Abstract
Background It is well-established that individuals with autism show atypical functional brain connectivity. However, the role this plays in behavior, especially in naturalistic social settings, has remained unclear. Some atypical patterns may reflect core deficits, while others may instead compensate for deficits and promote adaptive behavior. Distinguishing these possibilities requires measuring the ‘typicality’ of spontaneous behavior and determining which connectivity patterns correlate with it.
Methods Thirty-nine male participants (19 autism, 20 typically-developed) engaged in 115 spontaneous conversations with an experimenter during fMRI scanning (Jasmin, et al., 2019, Brain). A classifier algorithm was trained to distinguish participants by diagnosis based on 81 semantic, affective and linguistic dimensions derived from their use of language. The algorithm’s certainty that a participant was in either the autism or typical group was used as a measure of task performance and compared with functional connectivity levels.
Results The algorithm accurately classified participants (74%, P = .002), and its scores correlated with clinician-observed autism signs (ADOS) (rs = .56, P = .03). In support of a compensatory role, greater functional connectivity, most prominently between left-hemisphere social communication regions and right inferior frontal cortex, correlated with more typical language behaviour, only for the autism group (rs = .56, P = .01).

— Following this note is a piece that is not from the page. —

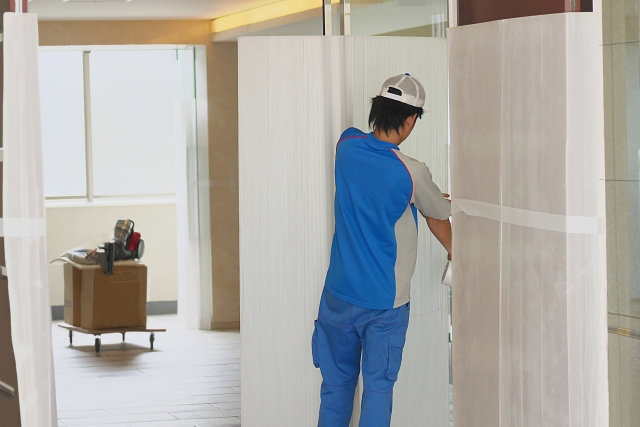 作業現場はマンションの11階ということもあり、まずはエレベーターや共用部分の廊下にしっかりと養生を施し、施設を傷つけないよう細心の注意を払うことからスタートしました。

Conclusion We report a simple and highly generalizable method for quantifying behavioral performance and neural compensation during complex spontaneous social behavior, without the need for an a priori benchmark. The findings suggest that functional connectivity increases in autism during communication reflect a neural compensation strategy.
Introduction
Neural studies of autism have often used functional connectivity analyses to identify networks that are under- or over-connected relative to neurotypical controls. Many of these studies have assessed connectivity during the resting state, and have identified both decreases (especially among cortical social processing areas), and increases (especially involving subcortical structures) (Di Martino et al., 2014; Gotts et al., 2012). Other studies have examined connectivity during social or language tasks, which also report both decreases (Just et al., 2004; Kana et al., 2006) and increases (Shen et al., 2012) in connectivity. However, the relationship between atypical connectivity and behavior has remained unclear. Some atypical patterns may cause social impairments (see (Gotts et al., 2019)). Others, especially those that emerge only during tasks, might instead reflect alternative neural strategies that compensate for core deficits (Johnson et al., 2015; Livingston & Happé, 2017). Determining which patterns promote adaptive behavior, and which ones hinder it will be crucial for understanding autism more fully and developing connectivity-based interventions (Gotts et al., 2019; Ramot et al., 2017).

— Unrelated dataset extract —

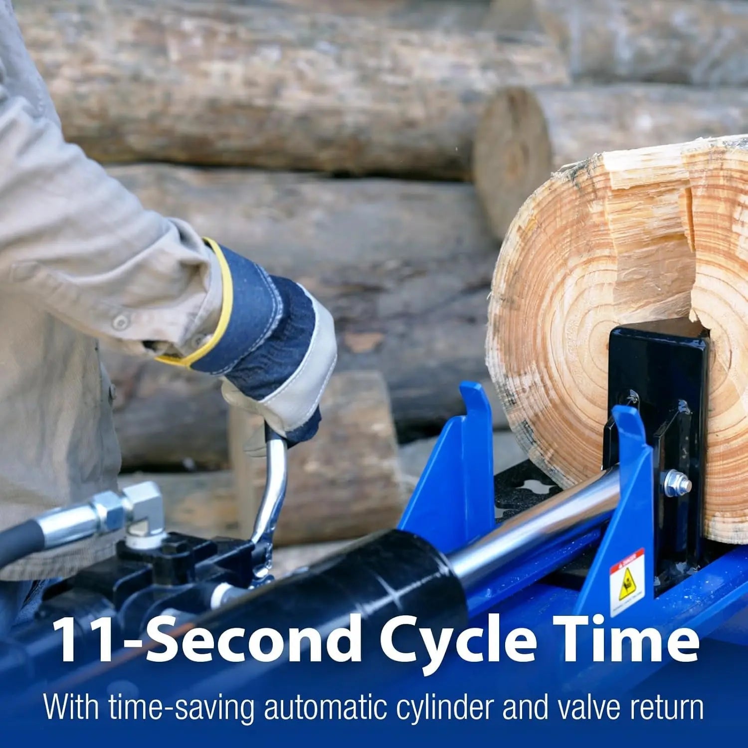 🔹 High-Speed Splitting Efficiency – Featuring a rugged 8-inch hardened steel wedge, this splitter processes logs up to 24 inches long with ease. Its fast 11-second cycle time ensures seamless, high-volume operation.

One common technique for assessing the role of a given network in behavior has been to test for correlations with some measure of symptom severity, such as the Social Responsiveness Scale (Constantino et al., 2003), a questionnaire undertaken by parents or teacher that measures aspects of social cognition and autistic mannerisms. This tool has strong psychometric properties and may therefore accurately measure core autism-related deficits, as it is administered by someone (often a parent or teacher) who knows the individual well. However, tools like SRS that measure autistic traits may be insufficient for assessing behavioral compensation. This is because compensation reflects not the severity of core social deficits, but the degree to which overt behavior superficially resembles typical behavior in the face of these core deficits (Livingston & Happé, 2017). Assessing neural compensation in complex spontaneous social behavior therefore requires quantifying how typical behavior is during social interactions and then relating this measure to functional connectivity obtained during the same interactions. Evidence for compensation in autistic participants would consist of increasingly dissimilar functional connectivity relative to neurotypical controls in a relevant brain network as behavior becomes increasingly control-like.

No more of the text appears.